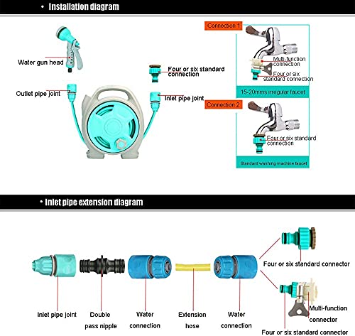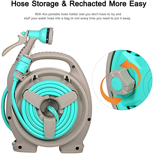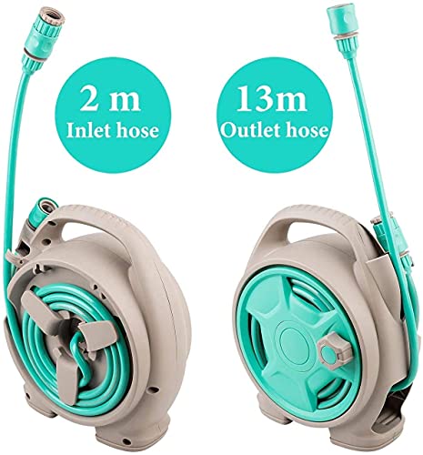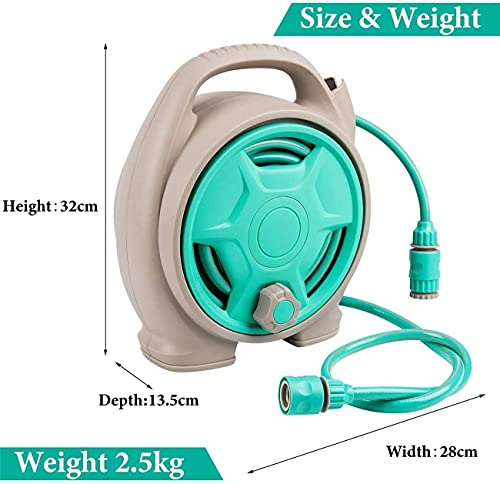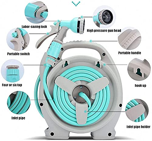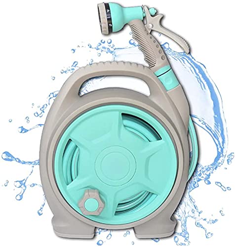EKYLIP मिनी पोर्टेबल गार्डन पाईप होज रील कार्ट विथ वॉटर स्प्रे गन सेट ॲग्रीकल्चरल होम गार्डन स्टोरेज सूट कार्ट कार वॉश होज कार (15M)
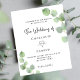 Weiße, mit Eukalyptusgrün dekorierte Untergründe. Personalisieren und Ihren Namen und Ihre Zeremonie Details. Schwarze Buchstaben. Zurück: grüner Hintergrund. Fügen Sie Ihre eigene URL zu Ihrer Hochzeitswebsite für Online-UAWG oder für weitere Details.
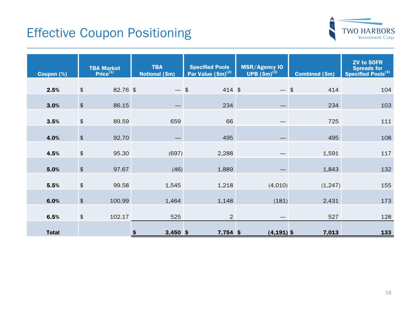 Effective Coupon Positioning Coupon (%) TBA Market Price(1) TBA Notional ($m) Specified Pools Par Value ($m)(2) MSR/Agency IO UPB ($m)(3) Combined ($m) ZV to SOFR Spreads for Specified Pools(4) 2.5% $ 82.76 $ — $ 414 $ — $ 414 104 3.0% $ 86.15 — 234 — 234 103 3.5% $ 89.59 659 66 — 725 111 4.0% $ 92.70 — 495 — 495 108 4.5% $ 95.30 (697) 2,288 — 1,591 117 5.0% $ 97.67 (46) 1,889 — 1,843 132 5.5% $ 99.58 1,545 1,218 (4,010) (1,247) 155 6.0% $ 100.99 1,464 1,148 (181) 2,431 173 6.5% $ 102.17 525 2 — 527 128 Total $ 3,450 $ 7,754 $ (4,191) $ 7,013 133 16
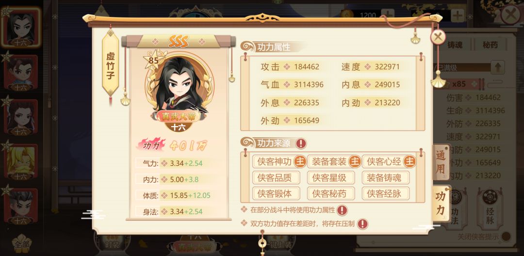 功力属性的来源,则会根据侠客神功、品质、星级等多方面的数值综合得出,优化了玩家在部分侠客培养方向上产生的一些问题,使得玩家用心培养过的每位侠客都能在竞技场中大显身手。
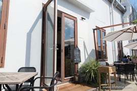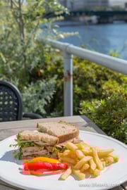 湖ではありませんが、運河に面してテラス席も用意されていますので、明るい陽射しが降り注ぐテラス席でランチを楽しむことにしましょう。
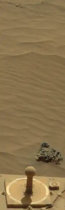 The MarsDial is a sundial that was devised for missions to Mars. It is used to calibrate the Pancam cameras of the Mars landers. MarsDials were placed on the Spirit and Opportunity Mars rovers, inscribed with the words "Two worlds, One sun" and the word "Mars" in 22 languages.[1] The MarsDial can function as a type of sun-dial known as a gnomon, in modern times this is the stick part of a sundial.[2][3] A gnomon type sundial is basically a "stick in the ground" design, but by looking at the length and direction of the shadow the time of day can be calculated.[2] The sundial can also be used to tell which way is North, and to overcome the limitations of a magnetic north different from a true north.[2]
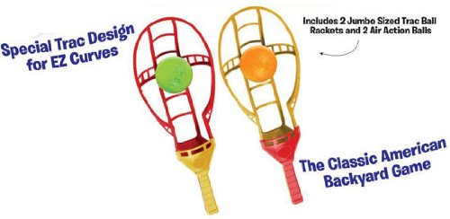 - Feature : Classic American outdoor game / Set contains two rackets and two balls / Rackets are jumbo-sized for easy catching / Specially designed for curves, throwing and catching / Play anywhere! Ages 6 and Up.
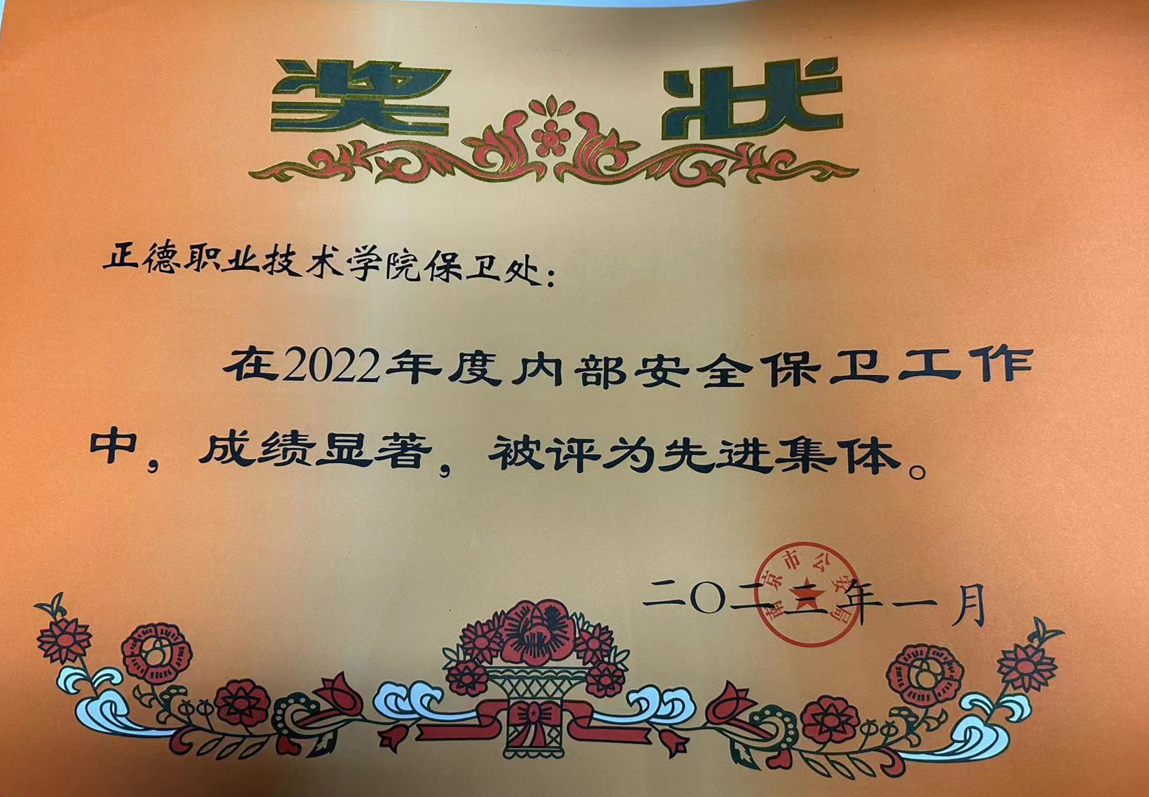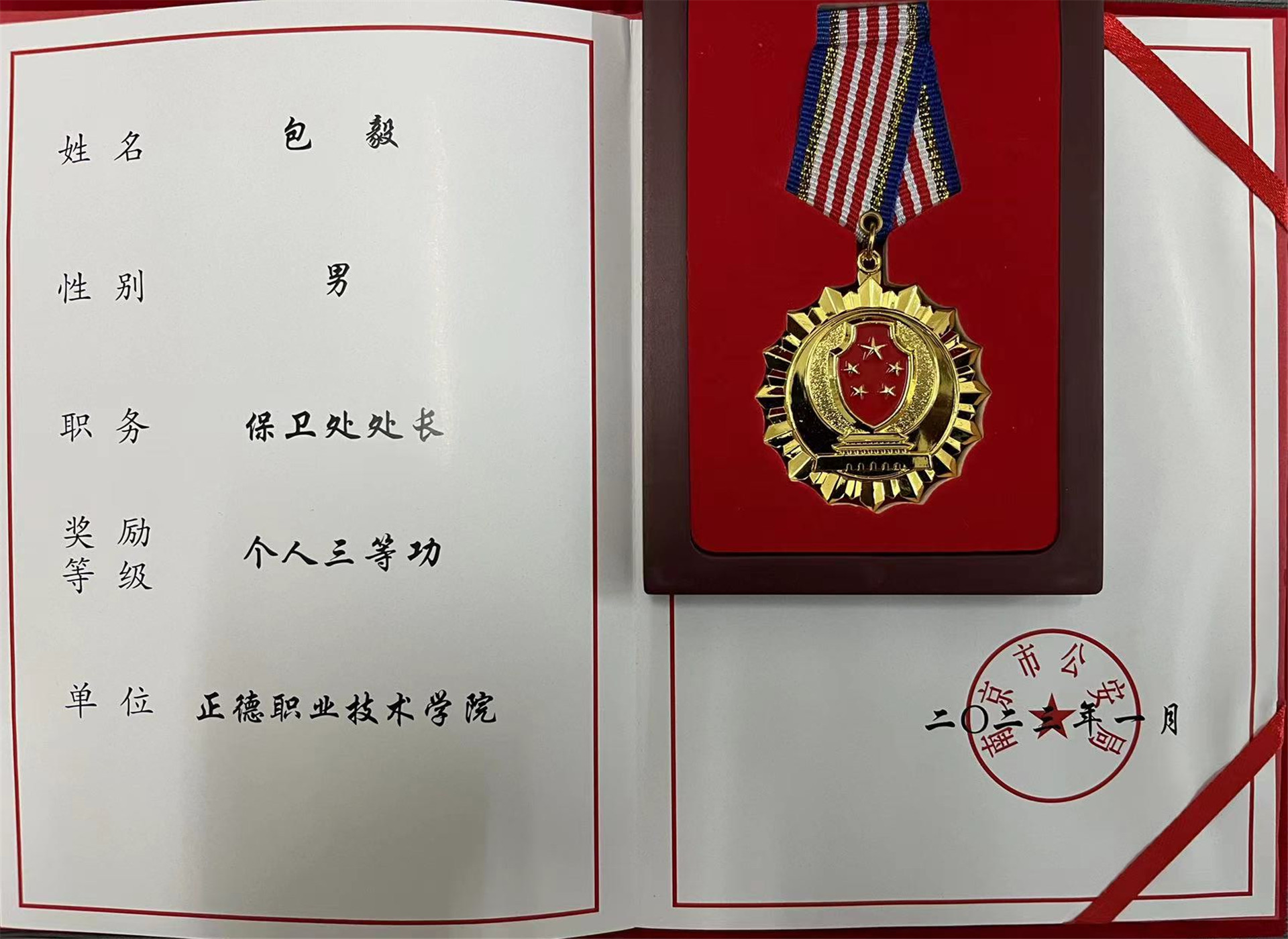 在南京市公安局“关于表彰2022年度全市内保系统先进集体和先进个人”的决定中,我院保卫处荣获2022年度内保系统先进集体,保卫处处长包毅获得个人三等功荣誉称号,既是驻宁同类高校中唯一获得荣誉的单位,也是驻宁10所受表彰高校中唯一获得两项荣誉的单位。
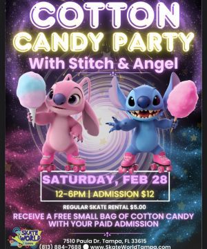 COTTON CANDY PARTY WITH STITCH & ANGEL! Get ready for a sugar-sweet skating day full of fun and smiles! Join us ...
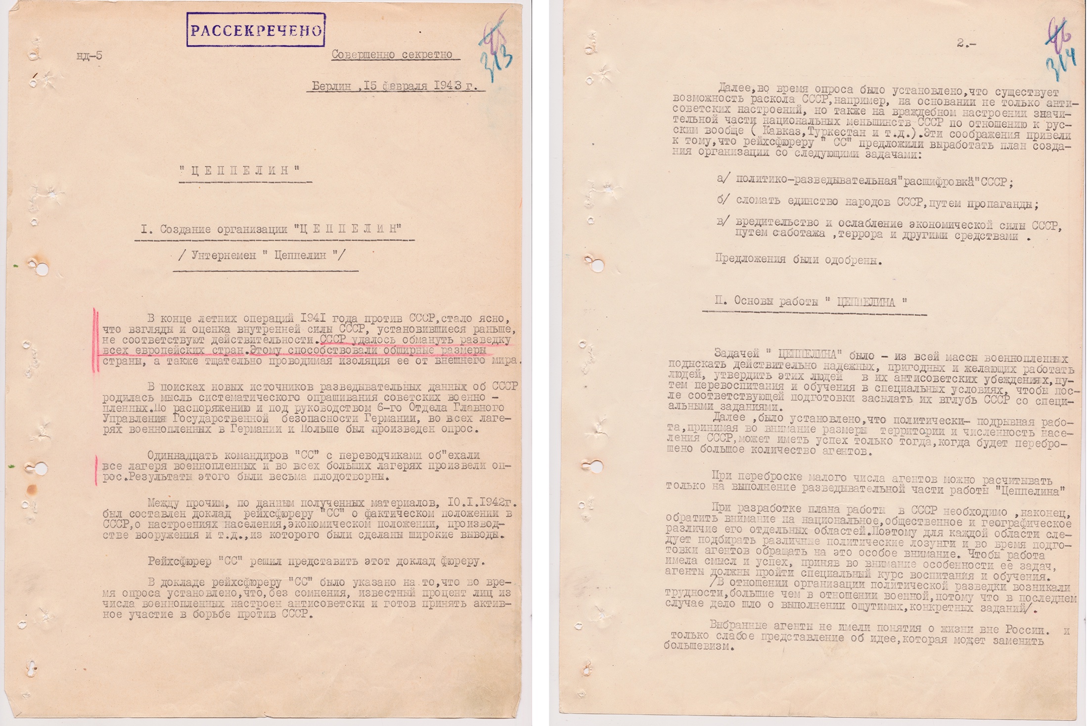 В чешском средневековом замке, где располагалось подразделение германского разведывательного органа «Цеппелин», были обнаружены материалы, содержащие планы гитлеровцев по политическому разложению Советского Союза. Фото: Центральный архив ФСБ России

------------------------------------

— Goal of the exercise —
Each record should appear again exactly as it stands, with no picture included.

— Solution for this problem —
EKYLIP मिनी पोर्टेबल गार्डन पाईप होज रील कार्ट विथ वॉटर स्प्रे गन सेट ॲग्रीकल्चरल होम गार्डन स्टोरेज सूट कार्ट कार वॉश होज कार (15M)
 Weiße, mit Eukalyptusgrün dekorierte Untergründe. Personalisieren und Ihren Namen und Ihre Zeremonie Details. Schwarze Buchstaben. Zurück: grüner Hintergrund. Fügen Sie Ihre eigene URL zu Ihrer Hochzeitswebsite für Online-UAWG oder für weitere Details.
 Effective Coupon Positioning Coupon (%) TBA Market Price(1) TBA Notional ($m) Specified Pools Par Value ($m)(2) MSR/Agency IO UPB ($m)(3) Combined ($m) ZV to SOFR Spreads for Specified Pools(4) 2.5% $ 82.76 $ — $ 414 $ — $ 414 104 3.0% $ 86.15 — 234 — 234 103 3.5% $ 89.59 659 66 — 725 111 4.0% $ 92.70 — 495 — 495 108 4.5% $ 95.30 (697) 2,288 — 1,591 117 5.0% $ 97.67 (46) 1,889 — 1,843 132 5.5% $ 99.58 1,545 1,218 (4,010) (1,247) 155 6.0% $ 100.99 1,464 1,148 (181) 2,431 173 6.5% $ 102.17 525 2 — 527 128 Total $ 3,450 $ 7,754 $ (4,191) $ 7,013 133 16
 功力属性的来源,则会根据侠客神功、品质、星级等多方面的数值综合得出,优化了玩家在部分侠客培养方向上产生的一些问题,使得玩家用心培养过的每位侠客都能在竞技场中大显身手。
 湖ではありませんが、運河に面してテラス席も用意されていますので、明るい陽射しが降り注ぐテラス席でランチを楽しむことにしましょう。
 The MarsDial is a sundial that was devised for missions to Mars. It is used to calibrate the Pancam cameras of the Mars landers. MarsDials were placed on the Spirit and Opportunity Mars rovers, inscribed with the words "Two worlds, One sun" and the word "Mars" in 22 languages.[1] The MarsDial can function as a type of sun-dial known as a gnomon, in modern times this is the stick part of a sundial.[2][3] A gnomon type sundial is basically a "stick in the ground" design, but by looking at the length and direction of the shadow the time of day can be calculated.[2] The sundial can also be used to tell which way is North, and to overcome the limitations of a magnetic north different from a true north.[2]
 - Feature : Classic American outdoor game / Set contains two rackets and two balls / Rackets are jumbo-sized for easy catching / Specially designed for curves, throwing and catching / Play anywhere! Ages 6 and Up.
 在南京市公安局“关于表彰2022年度全市内保系统先进集体和先进个人”的决定中,我院保卫处荣获2022年度内保系统先进集体,保卫处处长包毅获得个人三等功荣誉称号,既是驻宁同类高校中唯一获得荣誉的单位,也是驻宁10所受表彰高校中唯一获得两项荣誉的单位。
 COTTON CANDY PARTY WITH STITCH & ANGEL! Get ready for a sugar-sweet skating day full of fun and smiles! Join us ...
 В чешском средневековом замке, где располагалось подразделение германского разведывательного органа «Цеппелин», были обнаружены материалы, содержащие планы гитлеровцев по политическому разложению Советского Союза. Фото: Центральный архив ФСБ России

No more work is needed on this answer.